Laura Brown, vice provost for undergraduate education, said the award’s goal was to find a distinguished faculty member to work with the Center for Teaching Excellence and University faculty to explore new ideas and opportunities for teaching on campus.

“[The award is] a brand new program, so we’ll be designing from scratch,” Harris-Warrick said. “I’m really honored and I will take the responsibility seriously and put a lot of work in.”

“I want to take advantage of the outstanding teachers and enlist them,” he said. “Cornell gives out Weiss awards every year, so I want to get people together who have won to come up with new ideas,” he said, referencing awards given for distinguished undergraduate teaching.

Harris-Warrick also wants to work toward designing programs for new assistant professors at the University. “Most are only trained in research, not teaching, so I want to come up with ways to give them some tricks of the trade and teach them methods that are effective for Cornell students,” he said.

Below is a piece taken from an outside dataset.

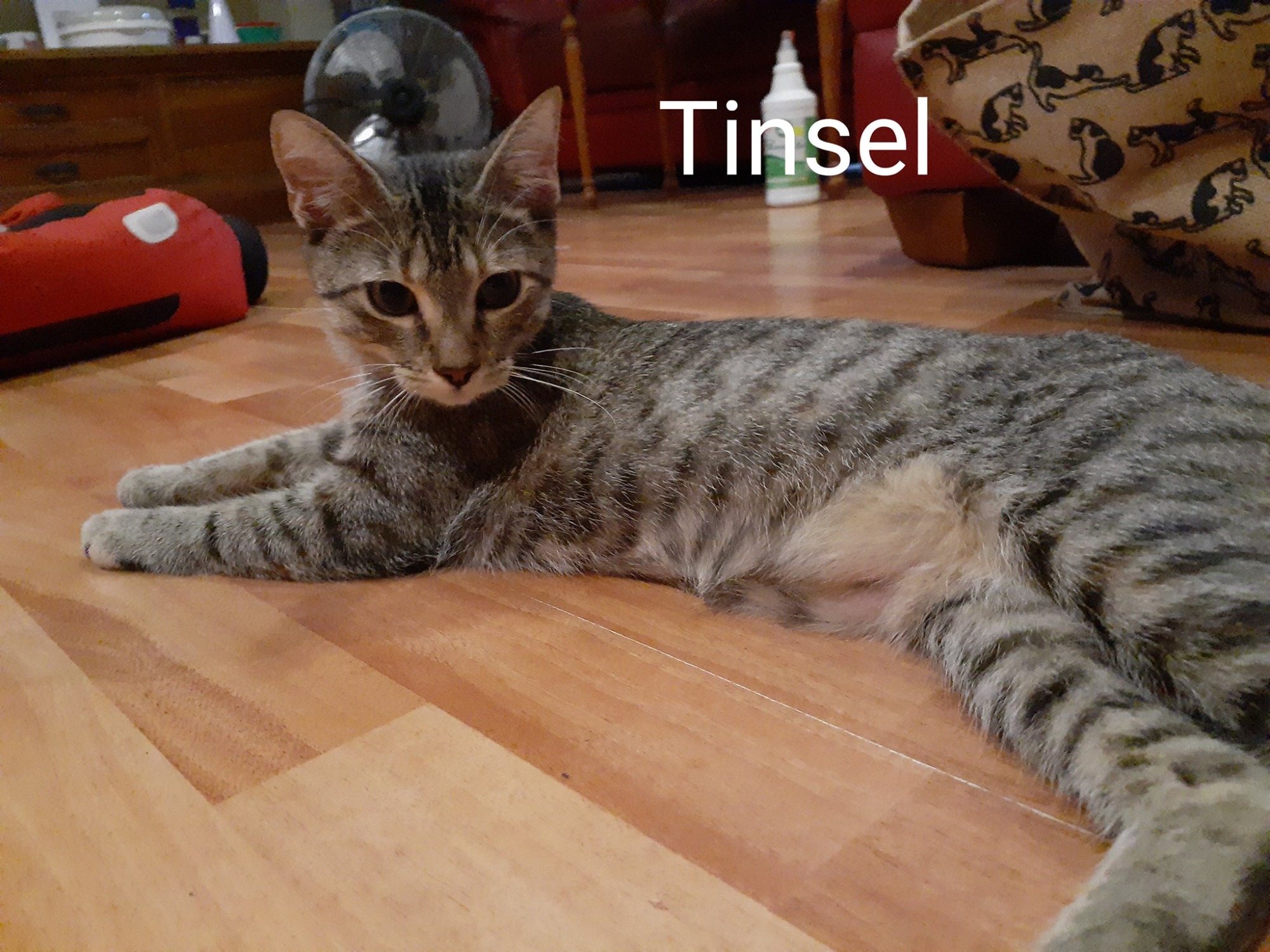 Like most kittens Tinsel is inquisitive and just wants to play. Everything is a toy to be played with, and life is one big adventure.

“We’ve also talked about other options, like translating successful teaching methods across subjects,” Brown said. This means seeing if methods that successfully engage students in biology are just as effective for history teachers. “These are the kinds of things that we don’t often think about.”

“It’s easy to think about an artist being creative. It should be just as easy for an engineer, or a scientist, or a historian,” Harris-Warrick said.

According to Harris-Warrick, the focus is on improving ways of active learning, not just rote memorization.

Harris-Warrick has been teaching at Cornell since 1980, and has been recognized for implementing these ideas in his classes. He was a Weiss presidential fellow in 2008, and has received awards such as the SUNY Chancellor’s Award for Excellence in Teaching and the College of Agriculture and Life Sciences’ Edgerton Career Teaching Award.

He currently teaches Neurobiology and Behavior 2220: Introduction to Neurobiology, as well as an upper-level course on drugs and the brain, which deals with the effects of psychoactive drugs, such as cocaine, heroin, LSD, alcohol and marijuana.

“Every week I present my students with a problem in neuropharmacology that no one has answered. The hope is that students end up becoming active creators of ideas,” Harris-Warrick said.

He wants to do this in every class across the University.

“A lot of professors at Cornell really love to teach. It’s a dirty secret at a research university, that some enjoy teaching more,” he said. “It would be nice if at the end, people didn’t mind saying it out loud.”